T Rex Family

T Rex Family

Sunday, August 7, 2011

Thoughts...

On Tuesday night, Bebe Sister had a little runny nose. That night, no sleeping. Then for the next four nights not a stitch of sleep was to be found for any of us. If Bebe Sister was not unhappy, then T Rex was. If they were fine, then I was coughing. It is not a bad cold by any means. And it's been months since we've had any illness around here. However, nothing takes the wind out of my sails faster than lack of sleep. 


Before kids T Rex Dad and I thought if we could not get eight hours of sleep a night we would die the next day. Now, if we get four - six hours we're doing good, six to seven we're great, seven or more and we're flying high. I cannot remember the last time we had more than seven hours of sleep. 

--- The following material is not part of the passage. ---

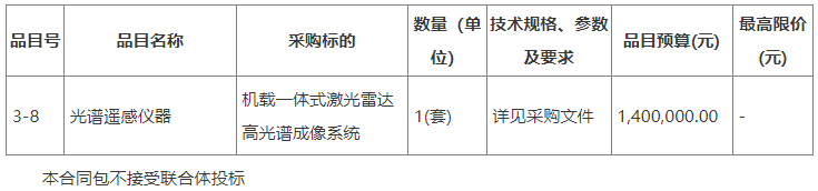 合同包3(機載一體式激光雷達高光譜成像系統):
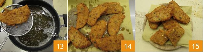 Après environ 2 minutes, les côtelettes seront bien dorées 13, égouttez donc les premières sur du papier absorbant 14 et poursuivez avec toutes les autres. Vos côtelettes de potiron sont prêtes, servez-les bien chaudes 15 !

So, with all that being said, I missed writing about World Breastfeeding Week. If you've been a reader for any amount of time you probably can gather that I'm very pro-breastfeeding. I wrote a paper for my health care policy class last summer evaluating cost savings if 75% of women breastfed their babies for 6 months exclusively. The estimated cost to the U.S. would be just over 3 billion dollars. Now I know that's just a drop in the bucket compared to the trillions we are in debt but more interesting to me is the way the cost is calculated. This is not cost related to purchase of formula - that might hit the trillion dollar mark. No, this is cost savings in decreasing the incidence of childhood illness as well as decreased maternal illness, too. 

Oh, let's not forget the more recent research that breastfeeding in the first six months can also add up to six extra IQ points for the child, too.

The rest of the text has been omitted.